[Pre-RFC] Scoped `impl Trait for Type`

I did come up with a realistic API where there would be unexpected or outright faulty behaviour:

pub struct ErasedHashSet<S: BuildHasher = RandomState> {
    storage: HashMap<TypeId, Storage<S>, S>,
}

impl<S: BuildHasher> ErasedHashSet<S> {
    pub fn insert<T: Hash + Eq + 'static>(&mut self, value: T) -> Result<(), T> {
        let storage = self.storage.get_mut(&TypeId::of::<T>());
        todo!("Manipulate `storage`.")
    }

    // ...
}

I didn't specify this properly so far, so there are two useful options here:

  1. (not useful) Generic type parameters of functions capture the full set of available scoped implementations. This would make TypeId::of::<_> behave unexpectedly for discrete types, so I'm not considering it here.
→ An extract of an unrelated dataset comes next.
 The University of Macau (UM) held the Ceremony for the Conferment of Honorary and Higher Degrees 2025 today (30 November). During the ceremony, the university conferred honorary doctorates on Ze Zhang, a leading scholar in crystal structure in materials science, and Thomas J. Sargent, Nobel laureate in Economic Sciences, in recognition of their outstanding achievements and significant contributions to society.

  2. Generic type parameters of functions ignore the available scoped implementations at the call site completely. This would cause this API ErasedHashSet to have no way at all to distinguish Hash implementations properly (except heuristically by function pointer, but that's not a solution as there are no equality/inequality guarantees on those), so if RandomState is used, the set can misbehave randomly.

  3. Generic type parameters of functions have identity that's distinguished by available scoped implementations for their bounds only. This distinction carries over when the generic type parameter is used elsewhere, like when calling TypeId::of::<T> with the generic type parameter here.
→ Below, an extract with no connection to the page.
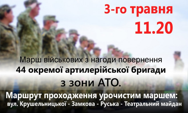 У Тернополі, 3 травня, відбудеться грандіозний марш військових з нагоди повернення 44-ої окремої артилерійської бригади із зони АТО.

    I think that is by far the best option here because, while the behaviour may be unexpected in some cases, the unexpected behaviour would at least be deterministic (separating distinct Hash implementations cleanly).
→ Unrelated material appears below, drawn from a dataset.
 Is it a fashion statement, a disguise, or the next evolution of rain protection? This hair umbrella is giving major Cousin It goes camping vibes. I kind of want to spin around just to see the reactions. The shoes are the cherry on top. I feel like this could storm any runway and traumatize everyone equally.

    (This wouldn't limit reflexive implementations since on those, the type parameter is on the implementation rather than the function.)

Option 2 is more complex to explain, but I think that's worth it for getting okay-ish behaviour here.

Edit: Closures and function pointers must use the same rules as generic structs to avoid misbehaviour, I think, so this decision here is only about the generic functions' actual types that I think currently cannot be referred to in at least stable Rust.


Late edit: I found a better way to define the behaviour of 2. that doesn't require special-casing functions and should be less confusing. I'll write that out and update the draft hopefully later today or tomorrow.


Minor edit: There should be an Eq bound on that function, too.
Minor edit: And that second S should be on Storage. Sorry, I'm not great at this without the compiler helping me.
2 days later edit: Clearly I really shouldn't program freehand. S still goes onto the HashMap too. I have a proper version of this with more comments in my revised draft, which should be ready to publish soon-ish depending on how much I can work on it.